I've been thinking a lot about perspective...how everyone views their own world through their own perspective. And everyone's perspective is completely different based on their experiences and views. It is hard to fully understand someone else's perspective and it is hard to sometimes relate when perspectives don't match up.
There was a tragedy in our community this weekend. It was unthinkable, unimaginable. Not one but two teenage boys in our community took their own lives. The mom of one of the boys is a teacher at my kids' school...his dad the principal at the school the boy attended. Reading his obituary today, it seemed like it could be the obituary of any of my or my friends' kids at age 15. A great kid...active in sports, active in his school, well-liked, outgoing, lots of friends, active in his church youth group, loved the Lord. But this 15-year-old boy had some sort of unimaginable pain...pain that he felt there was only one way out of. This makes me scared for my kids, for other kids I know and love. What can we do? It is heartbreaking. It is perspective-changing.
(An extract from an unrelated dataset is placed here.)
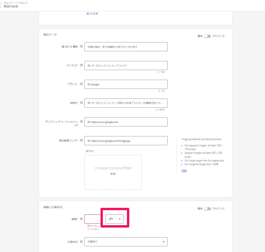 参考:商品データ仕様 – Google Merchant Center ヘルプ
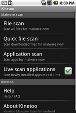 Kinetoo antivirus offers uptodate protection for your android handset.Kinetoo antivirus scans the file system and installed applications of your Android mobile device. A realtime antivirus scan monitors applications as they are installed. This free version contains a regularly updated database of mobile malware and spyware threats to better safeguard your mobile security Includes detection of quot;Fakeplayerquot;, quot;Geinimiquot;, quot;PJAppsquot;, quot;DroidDreamquot;, quot;TapSnakequot; and other spyware, quot;Fake security toolquot;, quot;Fake10086quot;, quot;zsonequot;, quot;HolyFkingBiblequot;, quot;BaseBridgequot;, quot;DroidDreamLightquot;, DroidKungFu, YZHCSMS, Plankton, quot;GGTrackerBattery Saverquot;, ZeusZitmo, GoldDream, jSMSHider, CruseWind, and 1OO86.net quot;China Mobilequot; fake AV malware, DroidDreamLight, HippoSMS, SndApps, GGTracker, LoveTrap, NickiSpy, NickiBot,Dogowar, RogueSPPush, AdSMS, GingerMaster, SpyEyeSpitmo Kare Log, Gone in 60, quot;fake sms Installerquot; fee deduction attack DroidKungFu updates including LeNa, Jimm ICQ, Carrier IQ, Arspam. quot;Eicarquot; suite included.FAQ: http:kinetoo.comsitefaqnLicense: http:kinetoo.comsitetermsofservice

We can't expect life to be easy, fair, or fun all the time. But this is heavy stuff. This is not random, this is close to home and it is scary and unbelievably sad. As moms sometimes, it often feels like these are the "hard" times, when our kids are young and growing and learning, potty-training and having sleepless nights from bad dreams. But trust me, I realize now this isn't the hard stuff. The hard stuff is dealing with life and death choices, and helping our kids see that they are loved, that they are worth it. I have no doubt that the parents of these boys taught them those things...and that's what makes this even scarier. I am not trying to be a downer...just explaining what my perspective is these days. I know these two families and the whole community would appreciate any prayers sent their way.